The number of messages in the queue also can be a good indicator for the queue backlog. This metric can tell DevOps teams if they need to make scaling actions, but it can also be configured to automatically handle scaling operations. For example, if a queue has more than 1,000 messages that need to be processed, teams can automatically add more processing servers to handle the load. When the queue drops to normal levels for an hour, the team can terminate any extra instances that were started -- keeping a minimum number of instances running to maintain smooth operations.

Monitor Kinesis

Amazon Kinesis enables developers to build applications that are decoupled between services while maintaining quick throughput. But Kinesis doesn't have queues like SQS, so it's not as easy to monitor if there is a backlog or delay somewhere along the pipeline. The service does offer a small set of metrics that help IT teams identify which types of delays they could encounter. There are two key metrics important for real-time application monitoring with any Kinesis stream: GetRecords.IteratorAgeMilliseconds and GetRecords.Latency.

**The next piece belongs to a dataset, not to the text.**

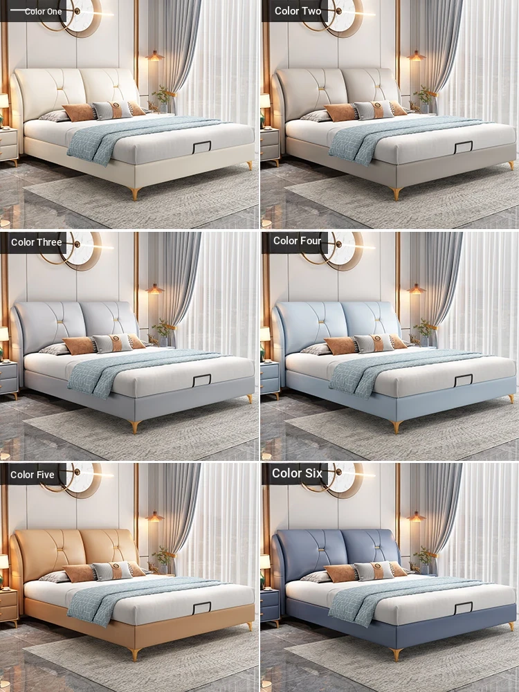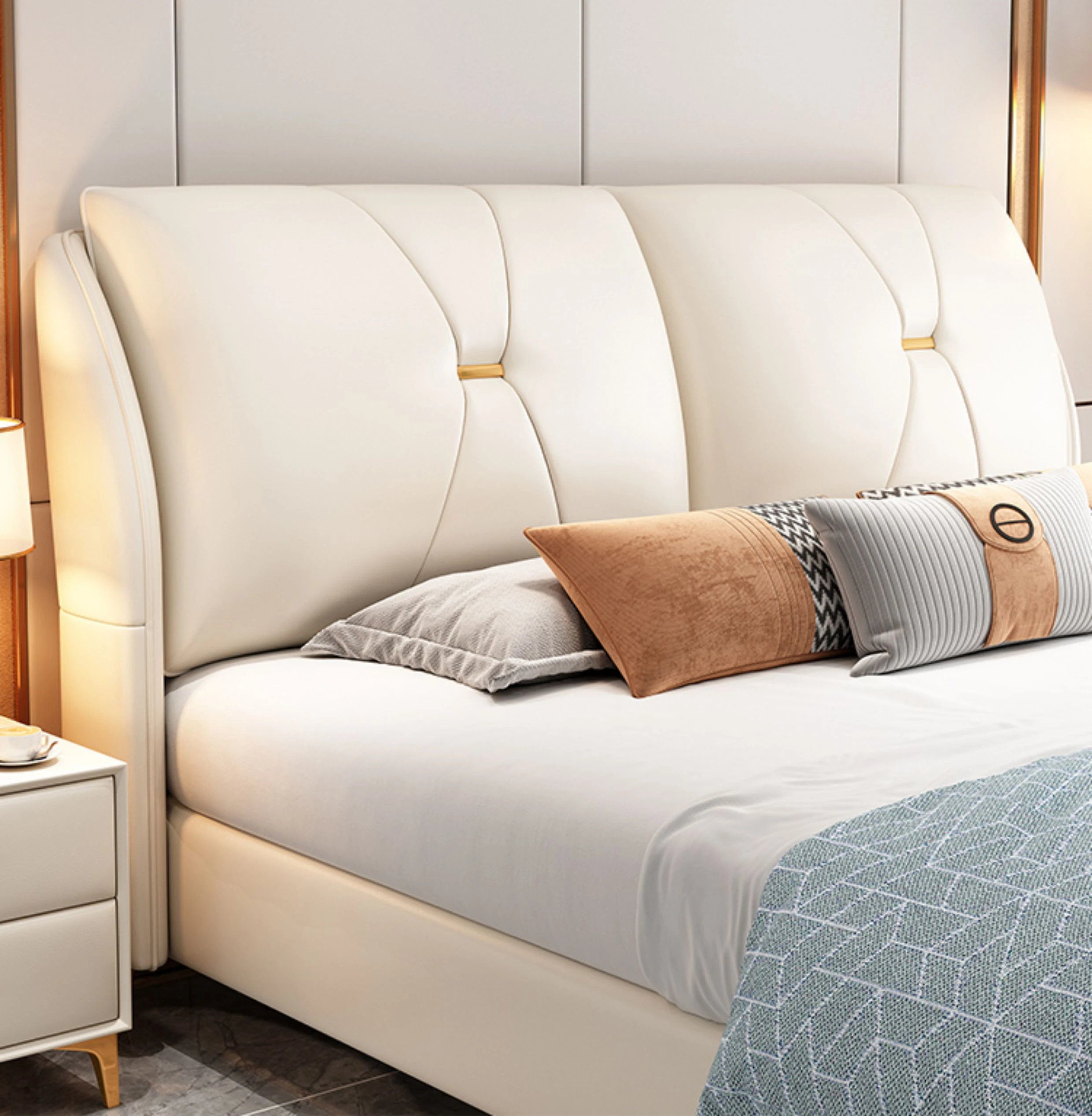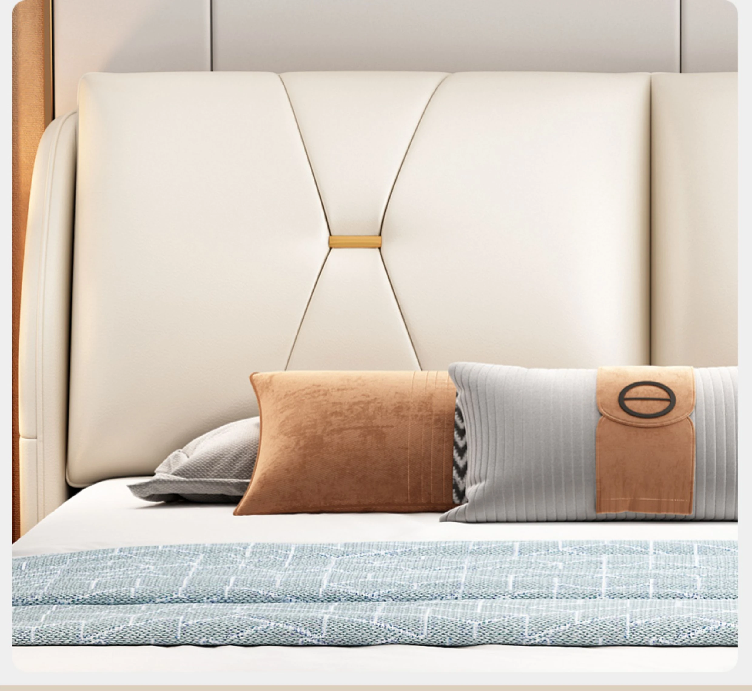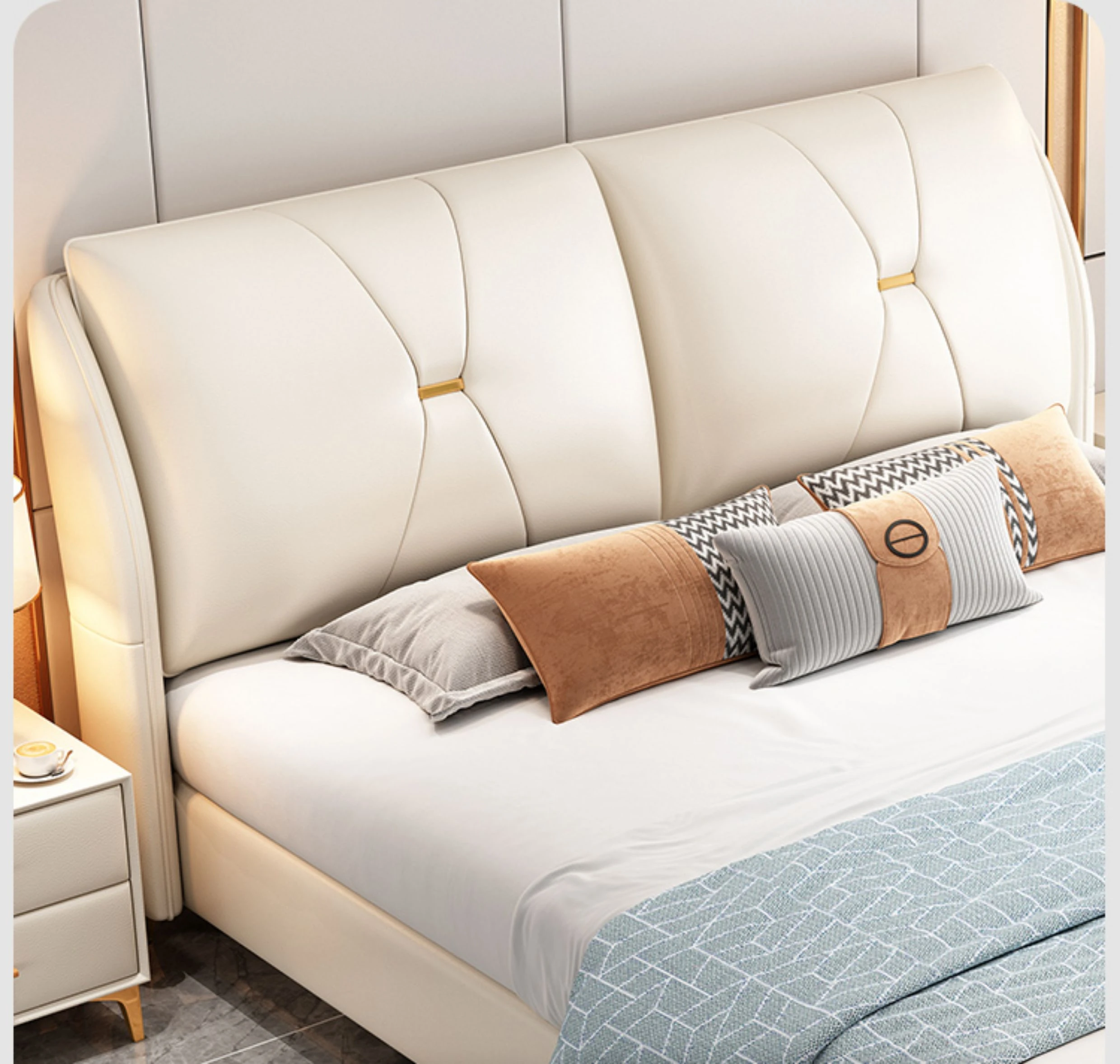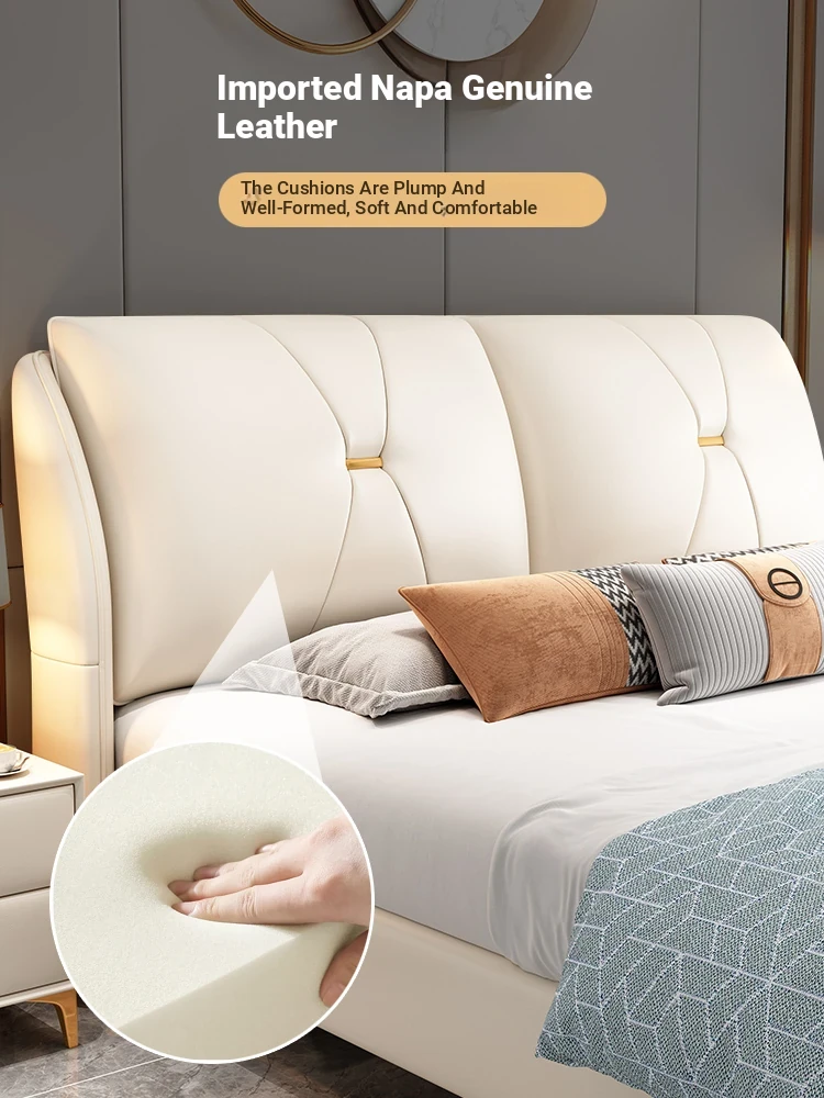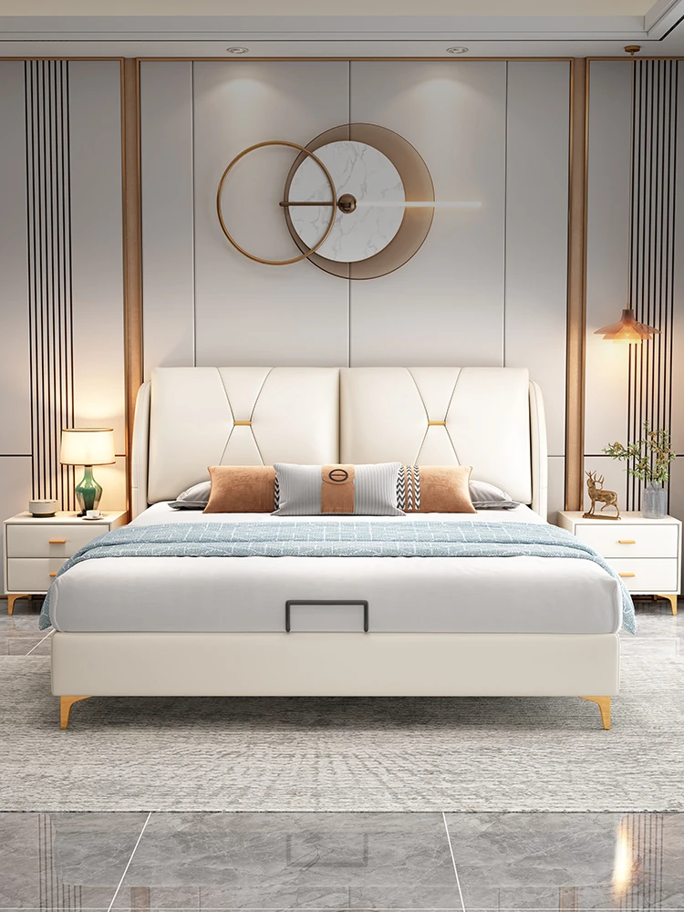 Modern Minimalist Italian-Style Luxury High-Storage Bed for Master Bedroom - 2025 New Arrival Cream Faux Leather Double Bed for Couples

The IteratorAgeMilliseconds metric informs DevOps teams the age of the oldest record is in the stream that hasn't been processed. For example, DevOps teams may want to instruct CloudWatch to send out an alert if it's taking more than five seconds. This delay is how long from the time something is put into the stream until it is processed. A high IteratorAge could indicate that IT teams need to allow more processing functions to happen simultaneously, indicating the need to scale out more processing instances. Or, if the application is running in Lambda, a delay could indicate that the Lambda function is being throttled.

Latency tells DevOps teams how long a single record takes to be processed, which excludes any backlog. This time it just monitors how long from the Get until the message is removed from the stream or processed. If this is a very high number, it may indicate an issue with the processing function that is handling stream events, or that the function processing events simply needs to be reworked to process faster.

Monitor Lambda functions

In the real-time application monitoring world, DevOps teams also need to examine a few key metrics for Lambda functions. Even though Lambda handles automatic scaling, there are safeguards in place to prevent functions from running out of control.

There's a build-in limit to how many functions can run concurrently per region. IT teams can increase these limits by submitting support tickets through the AWS console; however, developers need to know if they're hitting the limit before requesting an increase. Adding alerts to the Throttled Invocations metric in CloudWatch will identify these issues.

Additionally, CloudWatch enables DevOps teams to monitor Invocation Count, Duration and Errors. Alerts should be placed on the Invocation Errors metric to notify developers when a function has an unusually high amount of failures. Logs should be added to notify teams of any standard error; but logs aren't always enough -- unexpected events can occur. It's also important to add alerts to the Invocation Duration metric. If the average invocation duration exceeds four minutes, for example, consider using a service other than Lambda, which has a maximum of five-minute execution time.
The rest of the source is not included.